Try it – Start at the line below containing "由温哥华华人协会主办、波特兰" and stop at the line containing "1 month agomessage-square70linkfedilinkfile-text". Repeat every line of that stretch exactly, and nothing outside it.

Material supplied –

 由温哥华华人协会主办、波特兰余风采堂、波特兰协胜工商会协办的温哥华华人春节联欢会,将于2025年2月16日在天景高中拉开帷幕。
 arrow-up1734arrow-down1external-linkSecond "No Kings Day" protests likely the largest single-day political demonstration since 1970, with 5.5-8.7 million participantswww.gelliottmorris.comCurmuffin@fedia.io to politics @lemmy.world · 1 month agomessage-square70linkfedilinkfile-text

==

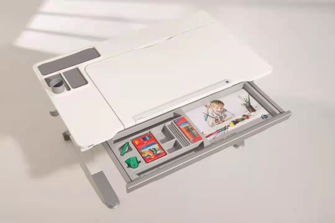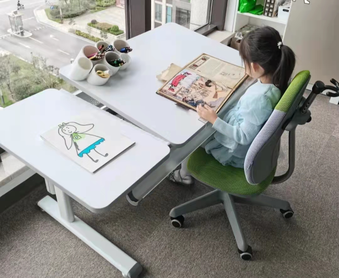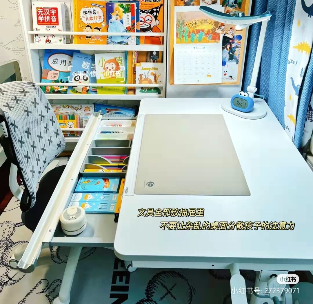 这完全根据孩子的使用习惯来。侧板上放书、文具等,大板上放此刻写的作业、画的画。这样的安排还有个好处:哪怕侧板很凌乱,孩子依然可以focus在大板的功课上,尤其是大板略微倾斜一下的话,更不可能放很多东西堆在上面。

Output of the exercise –
 由温哥华华人协会主办、波特兰余风采堂、波特兰协胜工商会协办的温哥华华人春节联欢会,将于2025年2月16日在天景高中拉开帷幕。
 arrow-up1734arrow-down1external-linkSecond "No Kings Day" protests likely the largest single-day political demonstration since 1970, with 5.5-8.7 million participantswww.gelliottmorris.comCurmuffin@fedia.io to politics @lemmy.world · 1 month agomessage-square70linkfedilinkfile-text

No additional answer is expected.